Work to be completed:
Set down the entries exactly. No line may differ from its source.

Provided material:
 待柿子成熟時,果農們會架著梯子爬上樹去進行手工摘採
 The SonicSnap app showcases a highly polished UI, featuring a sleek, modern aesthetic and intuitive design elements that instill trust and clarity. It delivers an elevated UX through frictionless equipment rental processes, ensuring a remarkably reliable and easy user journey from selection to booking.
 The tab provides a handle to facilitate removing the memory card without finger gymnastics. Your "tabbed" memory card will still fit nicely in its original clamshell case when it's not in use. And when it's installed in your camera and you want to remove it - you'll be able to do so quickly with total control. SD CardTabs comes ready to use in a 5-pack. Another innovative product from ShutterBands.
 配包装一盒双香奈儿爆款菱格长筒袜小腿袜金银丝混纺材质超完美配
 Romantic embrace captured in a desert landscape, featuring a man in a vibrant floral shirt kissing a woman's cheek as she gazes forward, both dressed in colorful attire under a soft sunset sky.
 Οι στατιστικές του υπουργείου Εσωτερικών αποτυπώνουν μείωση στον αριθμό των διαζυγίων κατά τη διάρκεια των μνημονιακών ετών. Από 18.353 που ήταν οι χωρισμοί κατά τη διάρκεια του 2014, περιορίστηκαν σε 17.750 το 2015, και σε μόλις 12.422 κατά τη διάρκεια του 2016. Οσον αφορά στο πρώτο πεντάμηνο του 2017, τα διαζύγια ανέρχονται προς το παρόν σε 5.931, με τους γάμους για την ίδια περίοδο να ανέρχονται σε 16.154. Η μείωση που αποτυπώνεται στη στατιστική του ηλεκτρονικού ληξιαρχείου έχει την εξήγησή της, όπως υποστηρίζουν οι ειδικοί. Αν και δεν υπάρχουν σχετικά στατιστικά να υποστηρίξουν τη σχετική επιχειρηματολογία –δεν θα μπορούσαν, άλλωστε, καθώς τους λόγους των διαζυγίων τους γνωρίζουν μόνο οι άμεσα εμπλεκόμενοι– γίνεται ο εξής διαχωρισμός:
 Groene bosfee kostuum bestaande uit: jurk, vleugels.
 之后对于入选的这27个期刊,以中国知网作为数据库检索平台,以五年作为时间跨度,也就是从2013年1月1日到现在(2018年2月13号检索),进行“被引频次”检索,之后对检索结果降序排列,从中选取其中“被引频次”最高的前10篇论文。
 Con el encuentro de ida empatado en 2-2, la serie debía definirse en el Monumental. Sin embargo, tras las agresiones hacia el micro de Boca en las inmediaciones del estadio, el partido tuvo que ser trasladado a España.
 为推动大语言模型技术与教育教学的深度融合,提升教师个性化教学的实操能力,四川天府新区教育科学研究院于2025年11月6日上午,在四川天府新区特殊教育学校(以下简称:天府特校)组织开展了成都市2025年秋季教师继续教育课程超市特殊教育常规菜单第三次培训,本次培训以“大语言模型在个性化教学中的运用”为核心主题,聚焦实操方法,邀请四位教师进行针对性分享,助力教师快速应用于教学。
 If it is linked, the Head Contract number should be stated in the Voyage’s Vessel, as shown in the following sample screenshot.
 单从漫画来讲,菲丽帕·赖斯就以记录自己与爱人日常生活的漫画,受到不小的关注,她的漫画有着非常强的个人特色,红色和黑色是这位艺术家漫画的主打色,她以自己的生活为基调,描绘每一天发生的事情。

Answer space:
 待柿子成熟時,果農們會架著梯子爬上樹去進行手工摘採
 The SonicSnap app showcases a highly polished UI, featuring a sleek, modern aesthetic and intuitive design elements that instill trust and clarity. It delivers an elevated UX through frictionless equipment rental processes, ensuring a remarkably reliable and easy user journey from selection to booking.
 The tab provides a handle to facilitate removing the memory card without finger gymnastics. Your "tabbed" memory card will still fit nicely in its original clamshell case when it's not in use. And when it's installed in your camera and you want to remove it - you'll be able to do so quickly with total control. SD CardTabs comes ready to use in a 5-pack. Another innovative product from ShutterBands.
 配包装一盒双香奈儿爆款菱格长筒袜小腿袜金银丝混纺材质超完美配
 Romantic embrace captured in a desert landscape, featuring a man in a vibrant floral shirt kissing a woman's cheek as she gazes forward, both dressed in colorful attire under a soft sunset sky.
 Οι στατιστικές του υπουργείου Εσωτερικών αποτυπώνουν μείωση στον αριθμό των διαζυγίων κατά τη διάρκεια των μνημονιακών ετών. Από 18.353 που ήταν οι χωρισμοί κατά τη διάρκεια του 2014, περιορίστηκαν σε 17.750 το 2015, και σε μόλις 12.422 κατά τη διάρκεια του 2016. Οσον αφορά στο πρώτο πεντάμηνο του 2017, τα διαζύγια ανέρχονται προς το παρόν σε 5.931, με τους γάμους για την ίδια περίοδο να ανέρχονται σε 16.154. Η μείωση που αποτυπώνεται στη στατιστική του ηλεκτρονικού ληξιαρχείου έχει την εξήγησή της, όπως υποστηρίζουν οι ειδικοί. Αν και δεν υπάρχουν σχετικά στατιστικά να υποστηρίξουν τη σχετική επιχειρηματολογία –δεν θα μπορούσαν, άλλωστε, καθώς τους λόγους των διαζυγίων τους γνωρίζουν μόνο οι άμεσα εμπλεκόμενοι– γίνεται ο εξής διαχωρισμός:
 Groene bosfee kostuum bestaande uit: jurk, vleugels.
 之后对于入选的这27个期刊,以中国知网作为数据库检索平台,以五年作为时间跨度,也就是从2013年1月1日到现在(2018年2月13号检索),进行“被引频次”检索,之后对检索结果降序排列,从中选取其中“被引频次”最高的前10篇论文。
 Con el encuentro de ida empatado en 2-2, la serie debía definirse en el Monumental. Sin embargo, tras las agresiones hacia el micro de Boca en las inmediaciones del estadio, el partido tuvo que ser trasladado a España.
 为推动大语言模型技术与教育教学的深度融合,提升教师个性化教学的实操能力,四川天府新区教育科学研究院于2025年11月6日上午,在四川天府新区特殊教育学校(以下简称:天府特校)组织开展了成都市2025年秋季教师继续教育课程超市特殊教育常规菜单第三次培训,本次培训以“大语言模型在个性化教学中的运用”为核心主题,聚焦实操方法,邀请四位教师进行针对性分享,助力教师快速应用于教学。
 If it is linked, the Head Contract number should be stated in the Voyage’s Vessel, as shown in the following sample screenshot.
 单从漫画来讲,菲丽帕·赖斯就以记录自己与爱人日常生活的漫画,受到不小的关注,她的漫画有着非常强的个人特色,红色和黑色是这位艺术家漫画的主打色,她以自己的生活为基调,描绘每一天发生的事情。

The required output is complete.